Task details: Would you copy the listing below exactly, keeping the pictures out?

Task inputs Block Start

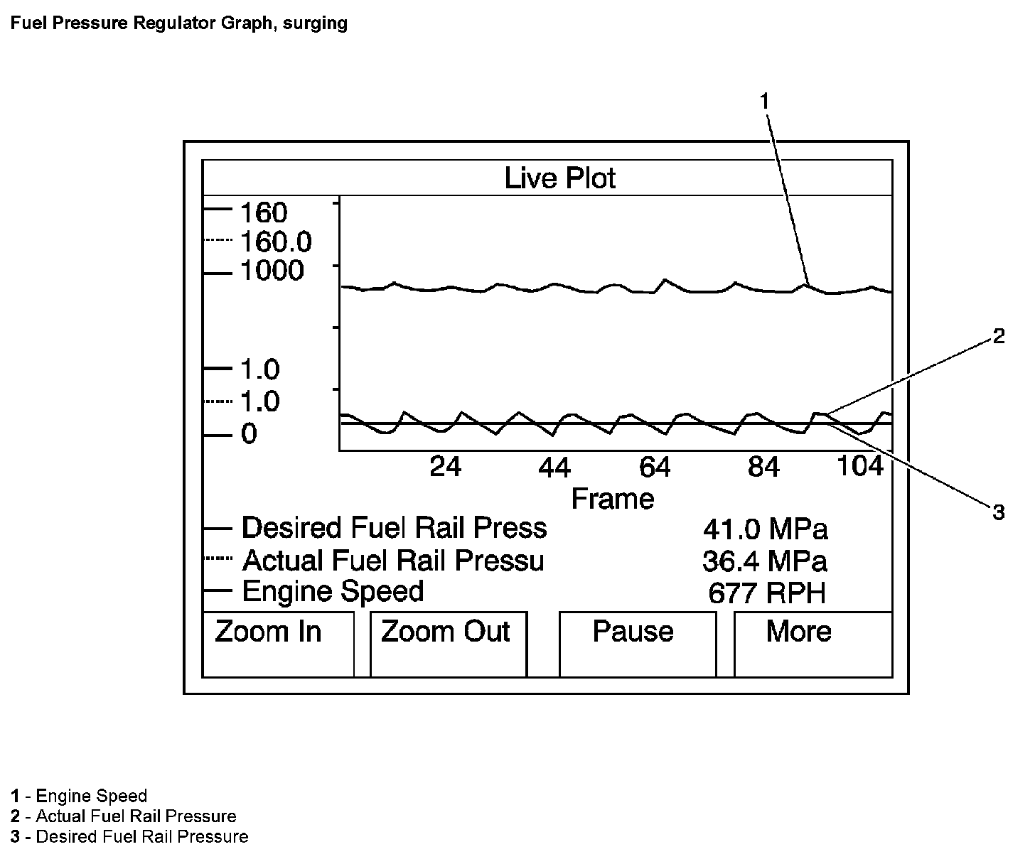 4. If there is a violent fluctuation in the Actual Fuel Rail Pressure , as seen in the surging graph, replace the fuel pressure regulator.
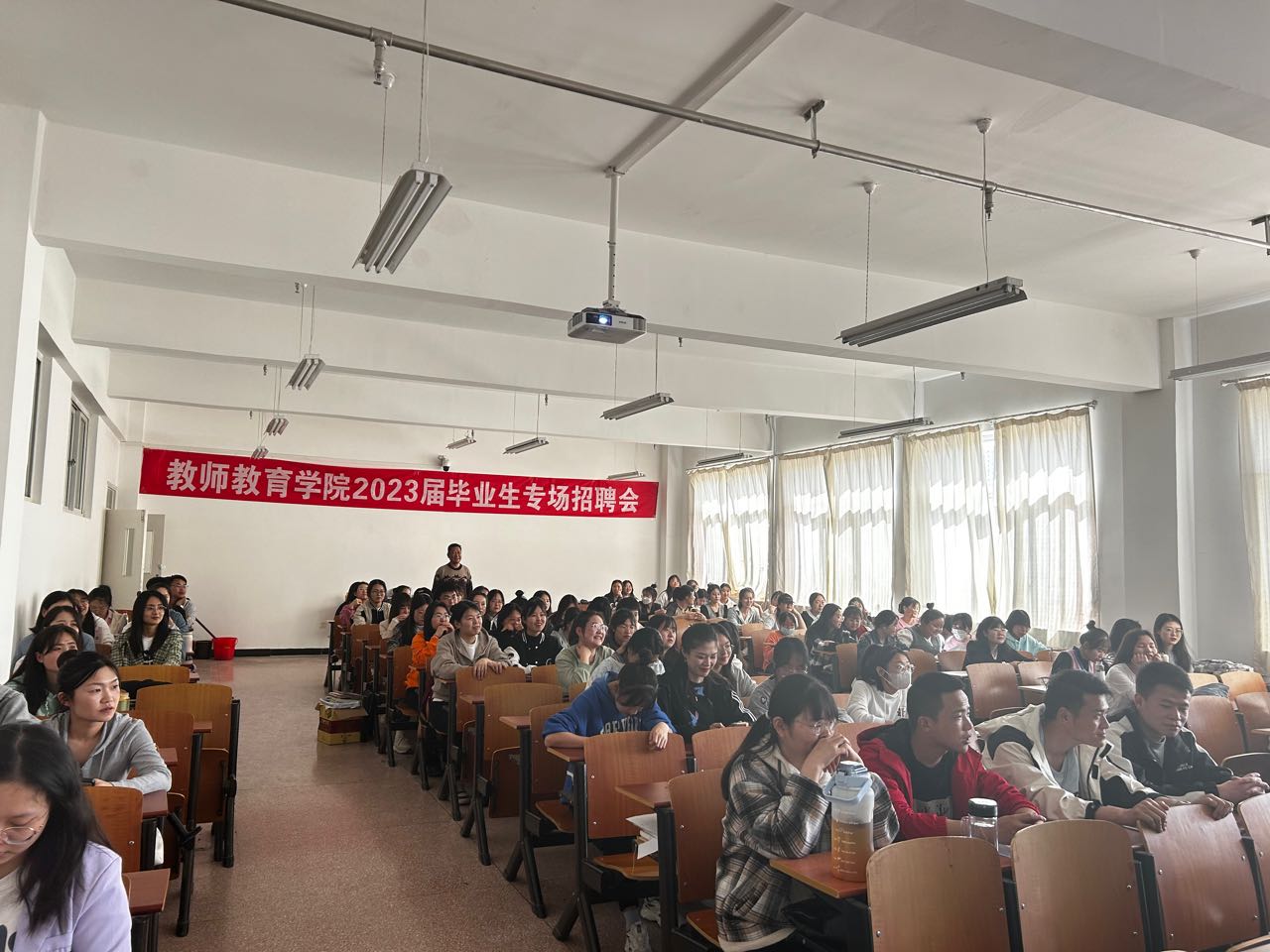 3月31日,内蒙古振慧文化体育产业有限公司和皮山县教育系统分别在九教117、317进行招聘宣讲。公司负责人、就业专干及140余名毕业生参加了此次招聘会。
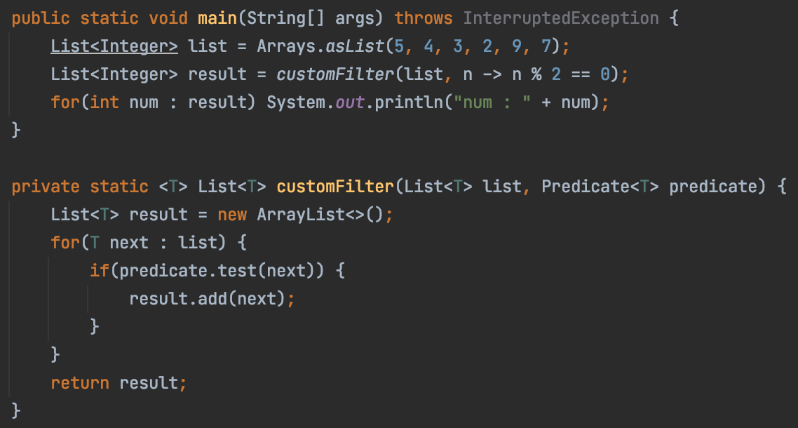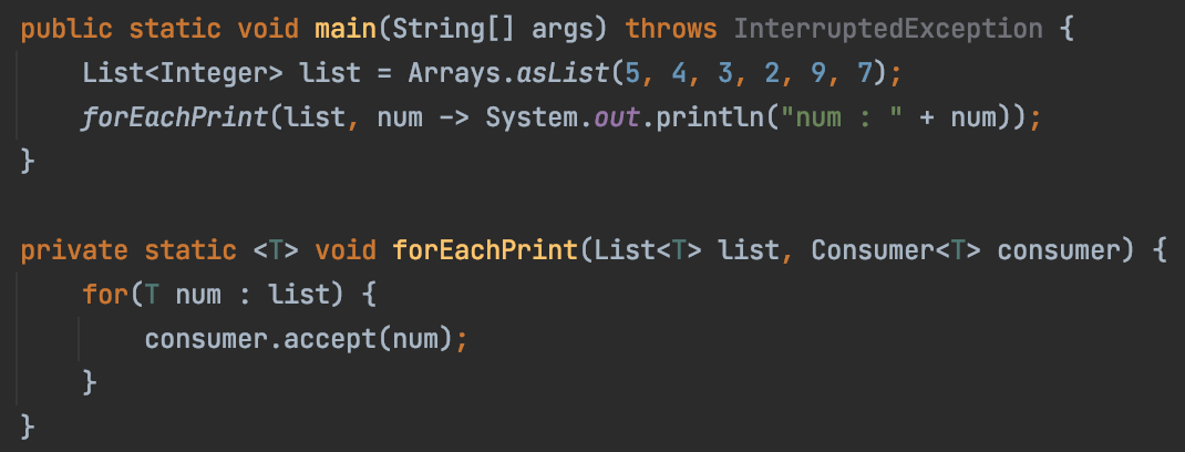 - Java 8에서 새롭게 추가된 함수형 인터페이스(Predicate, Consumer, Function) 외에 기존에 작성되어 있는 하나의 추상 메서드만 가지고 있는 Java 인터페이스(Comparable, Runnable) 또한 함수형 인터페이스로 취급할 수 있습니다.
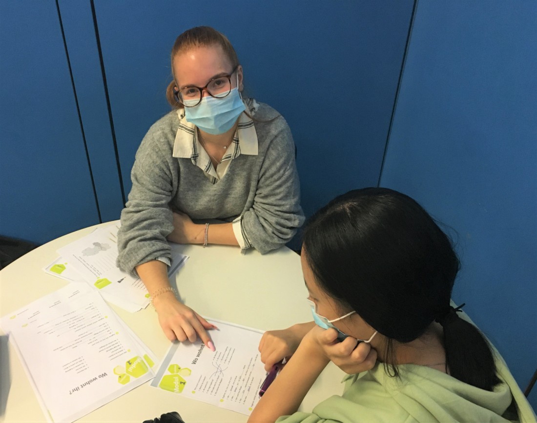Auf die Schimper Schule kam sie, da eine Bekannte bereits ihr FSJ hier absolvierte und nur Gutes berichten konnte. „Zu Schulzeiten hatte ich bereits ein Praktikum an der Grundschule absolviert. Nun wollte ich sehen, wie der Alltag an der Schule über einen längeren Zeitraum aussieht.“ Offen und neugierig stellte sie sich letzten Herbst dem Kollegium vor und war von Beginn an begeistert, wie freundlich sie begrüßt und integriert wurde. Wer konnte zu diesem Zeitpunkt schon erahnen, welche Herausforderungen sie durch den coronabedingten Lockdown meistern würde. „Als die Schule im März geschlossen wurde, war ich vor allem in der Notbetreuung eingesetzt“, erzählt Collien, „aufgrund der strengen Hygienemaßnahmen war es da nicht immer einfach, die Kinder neben ihrem Homeschooling zu beschäftigen.“ Auf die Frage, was sie in ihrem Jahr besonders beeindruckt hat, antwortet sie prompt: die Inklusion. „Ich hatte oft die Möglichkeit, inklusive Settings zu unterstützen und bin begeistert, wie hier Gemeinschaft gelebt wird. Hier wird niemand abgestempelt, sondern alle sind Teil eines Teams.“ Wie es jetzt nach ihrem Jahr Einsatz an der KFS weitergeht? Motiviert und bestärkt durch ihre Erfahrungen hat sich Collien für das Lehramt mit dem Schwerpunkt Sonderpädaogik an der PH Heidelberg eingeschrieben und wartet derzeit noch auf den Bescheid. So lange darf sie weiterhin das Team der Vorbereitungsklasse unterstützen. „Wenn es nach mir ging“, so Collien, „würde ich am liebsten hierbleiben.“
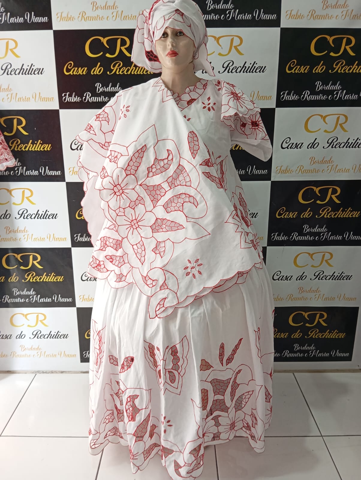 Baiana bordado vermelho 6peças
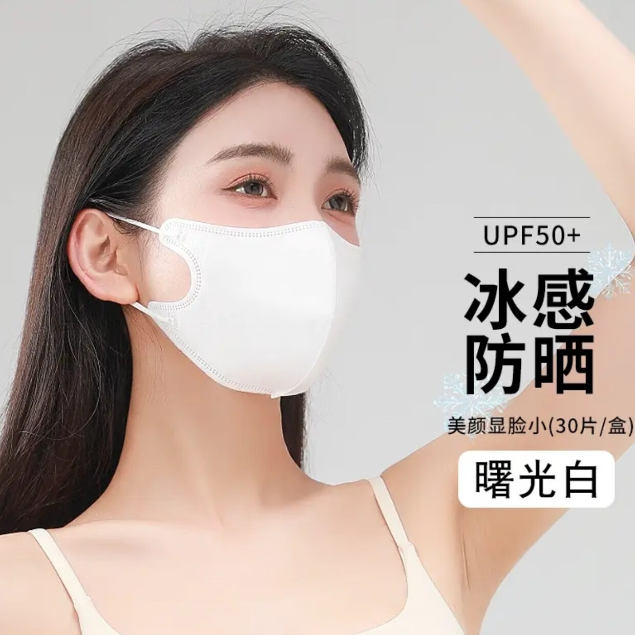 蕉下3D立体夏季防晒薄款冰感UF50高颜值必备一次性口罩防紫外线不勒耳 曙光白UPF50+冰感防嗮 30个 L(大码13.3x12)厘米
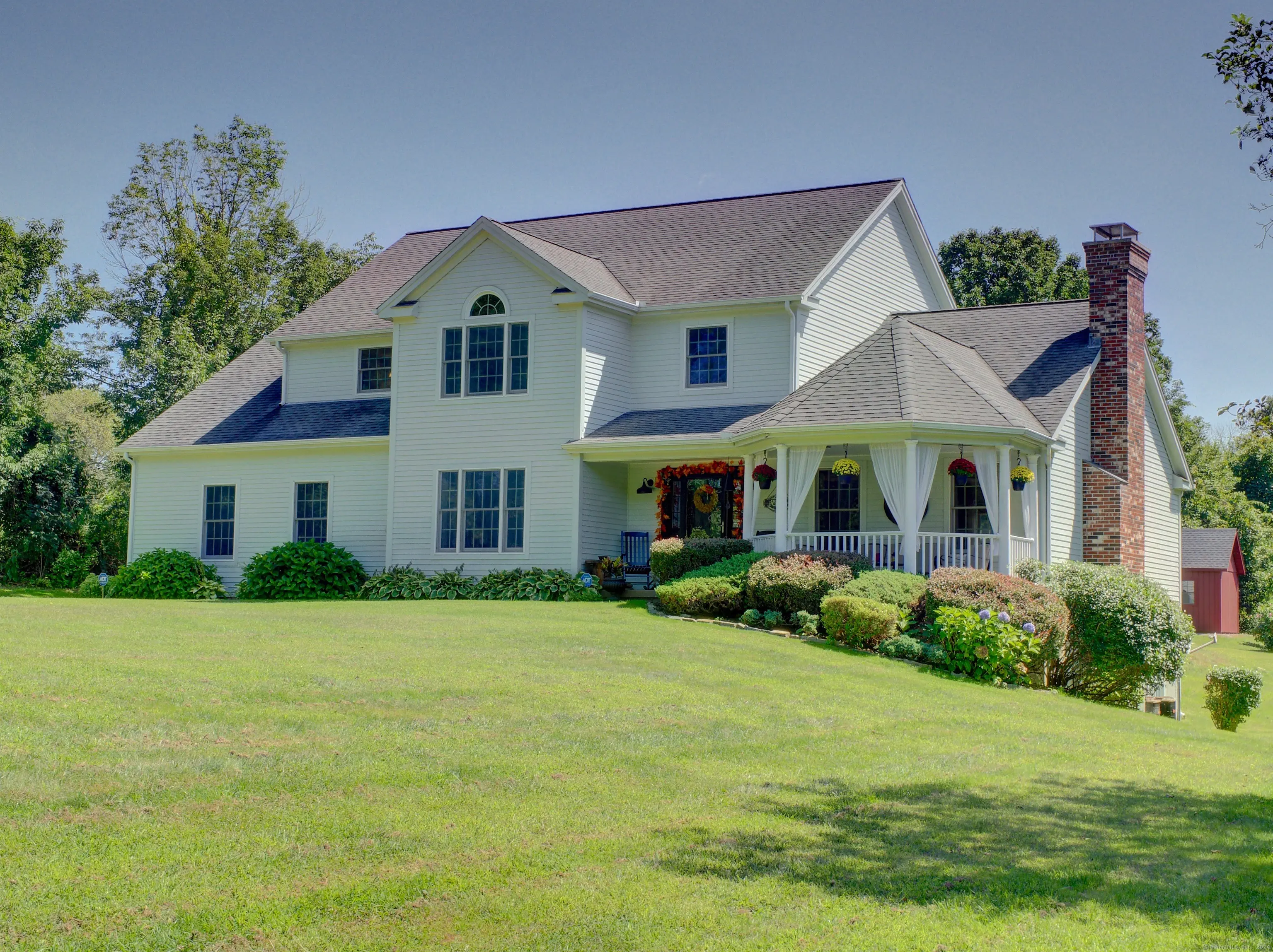 This beautiful 3222 sq. ft. Colonial offers everything you could want and more, set on a beautifully manicured lot in a quiet and desirable location. Inside you'll find a spacious layout with 4 bedrooms, 2.5 baths, hardwood floors o the main level, and central air throughout. The inviting living room features a cozy fireplace, while the large kitchen is a true chef's dream with abundant cabinetry, granite counters, stainless steel appliances, a massive center island that seats six, a side pantry, and a slider leading to the deck and pool. The primary suite boasts a luxurious bath with Jacuzzi tub and separate shower along with a massive walk-in-closet. Additional highlights include first-floor laundry and a partially finished lower-level family room with walk-out-access-perfect for extended family or in-law possibilities adding 303 sq ft of living space. Outdoors, enjoy a covered front porch, large Trex deck, above-ground pool, stone fire pit, and a Klotter Farm shed for all your storage needs. This property blends comfort and style in one perfect package.

Task inputs Block End

Finished task:
 4. If there is a violent fluctuation in the Actual Fuel Rail Pressure , as seen in the surging graph, replace the fuel pressure regulator.
 3月31日,内蒙古振慧文化体育产业有限公司和皮山县教育系统分别在九教117、317进行招聘宣讲。公司负责人、就业专干及140余名毕业生参加了此次招聘会。
 - Java 8에서 새롭게 추가된 함수형 인터페이스(Predicate, Consumer, Function) 외에 기존에 작성되어 있는 하나의 추상 메서드만 가지고 있는 Java 인터페이스(Comparable, Runnable) 또한 함수형 인터페이스로 취급할 수 있습니다.
Auf die Schimper Schule kam sie, da eine Bekannte bereits ihr FSJ hier absolvierte und nur Gutes berichten konnte. „Zu Schulzeiten hatte ich bereits ein Praktikum an der Grundschule absolviert. Nun wollte ich sehen, wie der Alltag an der Schule über einen längeren Zeitraum aussieht.“ Offen und neugierig stellte sie sich letzten Herbst dem Kollegium vor und war von Beginn an begeistert, wie freundlich sie begrüßt und integriert wurde. Wer konnte zu diesem Zeitpunkt schon erahnen, welche Herausforderungen sie durch den coronabedingten Lockdown meistern würde. „Als die Schule im März geschlossen wurde, war ich vor allem in der Notbetreuung eingesetzt“, erzählt Collien, „aufgrund der strengen Hygienemaßnahmen war es da nicht immer einfach, die Kinder neben ihrem Homeschooling zu beschäftigen.“ Auf die Frage, was sie in ihrem Jahr besonders beeindruckt hat, antwortet sie prompt: die Inklusion. „Ich hatte oft die Möglichkeit, inklusive Settings zu unterstützen und bin begeistert, wie hier Gemeinschaft gelebt wird. Hier wird niemand abgestempelt, sondern alle sind Teil eines Teams.“ Wie es jetzt nach ihrem Jahr Einsatz an der KFS weitergeht? Motiviert und bestärkt durch ihre Erfahrungen hat sich Collien für das Lehramt mit dem Schwerpunkt Sonderpädaogik an der PH Heidelberg eingeschrieben und wartet derzeit noch auf den Bescheid. So lange darf sie weiterhin das Team der Vorbereitungsklasse unterstützen. „Wenn es nach mir ging“, so Collien, „würde ich am liebsten hierbleiben.“
 Baiana bordado vermelho 6peças
 蕉下3D立体夏季防晒薄款冰感UF50高颜值必备一次性口罩防紫外线不勒耳 曙光白UPF50+冰感防嗮 30个 L(大码13.3x12)厘米
 This beautiful 3222 sq. ft. Colonial offers everything you could want and more, set on a beautifully manicured lot in a quiet and desirable location. Inside you'll find a spacious layout with 4 bedrooms, 2.5 baths, hardwood floors o the main level, and central air throughout. The inviting living room features a cozy fireplace, while the large kitchen is a true chef's dream with abundant cabinetry, granite counters, stainless steel appliances, a massive center island that seats six, a side pantry, and a slider leading to the deck and pool. The primary suite boasts a luxurious bath with Jacuzzi tub and separate shower along with a massive walk-in-closet. Additional highlights include first-floor laundry and a partially finished lower-level family room with walk-out-access-perfect for extended family or in-law possibilities adding 303 sq ft of living space. Outdoors, enjoy a covered front porch, large Trex deck, above-ground pool, stone fire pit, and a Klotter Farm shed for all your storage needs. This property blends comfort and style in one perfect package.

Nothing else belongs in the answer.